Aber auch der weitere Beschwerdeeinwand offenbar unzureichender Begründung (Z 5) versagt: daß es "im übrigen geradezu abwegig und lebensfremd wäre, wenn man davon ausgehen würde, daß U***** (über das von R***** transportierte Suchtgift) nicht informiert gewesen wäre", ist keine Scheinbegründung, sondern eine aus dem festgestellten Gesamtverhalten zutreffend abgeleitete zusätzliche Argumentation (US 9). Daß sich die relevante Urteilsannahme auf die in einem Aktenvermerk des Zeugen Ö***** vom 28.Juli 1994 (S 211) festgehaltenen Angaben des Angeklagten stützt, der erst fünf Tage nach erfolgter Einvernahme angefertigt wurde, vermag keine erheblichen Bedenken (Z 5 a) an der Richtigkeit der daraus getroffenen Feststellung zu erwecken.
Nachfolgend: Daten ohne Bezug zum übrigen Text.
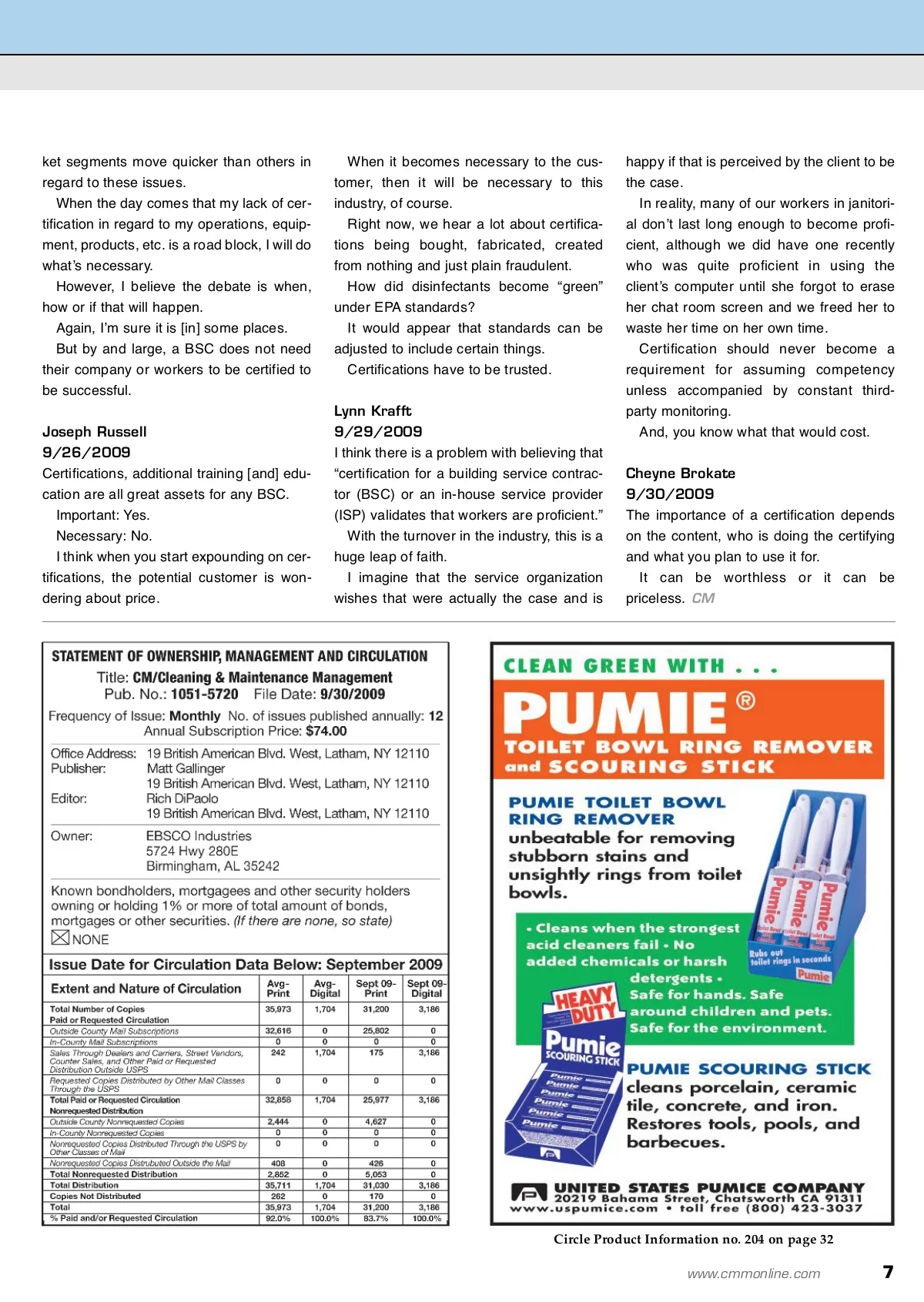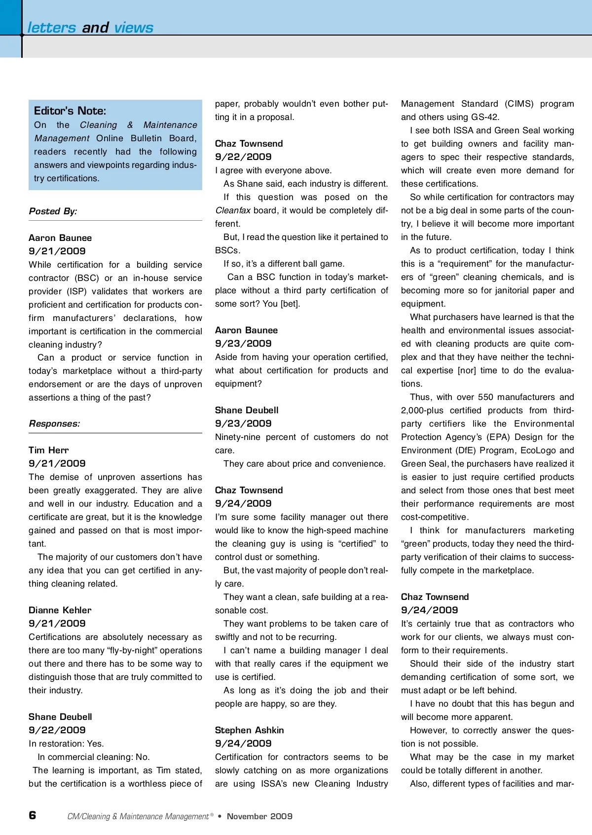 letters and views Editor’s Note: On the Cleaning & Maintenance Management Online Bulletin Board, readers recently had the following answers and viewpoints regarding indus-try certifications. paper, probably wouldnʼt even bother put-ting it in a proposal. Chaz Townsend 9/22/2009 I agree with everyone above. As Shane said, each industry is different. If this question was posed on the Cleanfax board, it would be completely dif-ferent. But, I read the question like it pertained to BSCs. If so, itʼs a different ball game. Can a BSC function in todayʼs market-place without a third party certification of some sort? You [bet]. Aaron Baunee 9/23/2009 Aside from having your operation certified, what about certification for products and equipment? Shane Deubell 9/23/2009 Ninety-nine percent of customers do not care. They care about price and convenience. Chaz Townsend 9/24/2009 Iʼm sure some facility manager out there would like to know the high-speed machine the cleaning guy is using is “certified” to control dust or something. But, the vast majority of people donʼt real-ly care. They want a clean, safe building at a rea-sonable cost. They want problems to be taken care of swiftly and not to be recurring. I canʼt name a building manager I deal with that really cares if the equipment we use is certified. As long as itʼs doing the job and their people are happy, so are they. Stephen Ashkin 9/24/2009 Certification for contractors seems to be slowly catching on as more organizations are using ISSAʼs new Cleaning Industry Posted By: Aaron Baunee 9/21/2009 While certification for a building service contractor (BSC) or an in-house service provider (ISP) validates that workers are proficient and certification for products con-firm manufacturersʼ declarations, how important is certification in the commercial cleaning industry? Can a product or service function in todayʼs marketplace without a third-party endorsement or are the days of unproven assertions a thing of the past? Responses: Tim Herr 9/21/2009 The demise of unproven assertions has been greatly exaggerated. They are alive and well in our industry. Education and a certificate are great, but it is the knowledge gained and passed on that is most impor-tant. The majority of our customers donʼt have any idea that you can get certified in any-thing cleaning related. Dianne Kehler 9/21/2009 Certifications are absolutely necessary as there are too many “fly-by-night” operations out there and there has to be some way to distinguish those that are truly committed to their industry. Shane Deubell 9/22/2009 In restoration: Yes. In commercial cleaning: No. The learning is important, as Tim stated, but the certification is a worthless piece of Management Standard (CIMS) program and others using GS-42. I see both ISSA and Green Seal working to get building owners and facility man-agers to spec their respective standards, which will create even more demand for these certifications. So while certification for contractors may not be a big deal in some parts of the coun-try, I believe it will become more important in the future. As to product certification, today I think this is a “requirement” for the manufactur-ers of “green” cleaning chemicals, and is becoming more so for janitorial paper and equipment. What purchasers have learned is that the health and environmental issues associat-ed with cleaning products are quite com-plex and that they have neither the techni-cal expertise [nor] time to do the evalua-tions. Thus, with over 550 manufacturers and 2,000-plus certified products from third-party certifiers like the Environmental Protection Agencyʼs (EPA) Design for the Environment (DfE) Program, EcoLogo and Green Seal, the purchasers have realized it is easier to just require certified products and select from those ones that best meet their performance requirements are most cost-competitive. I think for manufacturers marketing “green” products, today they need the third-party verification of their claims to success-fully compete in the marketplace. Chaz Townsend 9/24/2009 Itʼs certainly true that as contractors who work for our clients, we always must con-form to their requirements. Should their side of the industry start demanding certification of some sort, we must adapt or be left behind. I have no doubt that this has begun and will become more apparent. However, to correctly answer the ques-tion is not possible. What may be the case in my market could be totally different in another. Also, different types of facilities and mar-6 CM/Cleaning & Maintenance Management ® • November 2009

Schließlich geht auch die Rechtsrüge (Z 9 lit a) ins Leere, setzt sich doch der Beschwerdeführer hiebei über die ausdrückliche Konstatierung hinweg, wonach der Angeklagte spätestens ab dem Zeitpunkt der Suchtgiftübergabe (in Deutschland) über den Zweck der Fahrt als Schmuggelfahrt informiert war (US 9). Der geltend gemachte Nichtigkeitsgrund, der ein Festhalten am festgestellten Urteilssachverhalt erfordert, wurde solcherart nicht zur prozeßordnungsgemäßen Darstellung gebracht.

Die Nichtigkeitsbeschwerde war daher bereits bei einer nichtöffentlichen Beratung sofort zurückzuweisen (§ 285 d Abs 1 StPO), woraus die Kompetenz des Oberlandesgerichtes Innsbruck zur Entscheidung über die Berufung folgt (§ 285 i StPO).

Die Kostenentscheidung ist in § 390 a StPO begründet.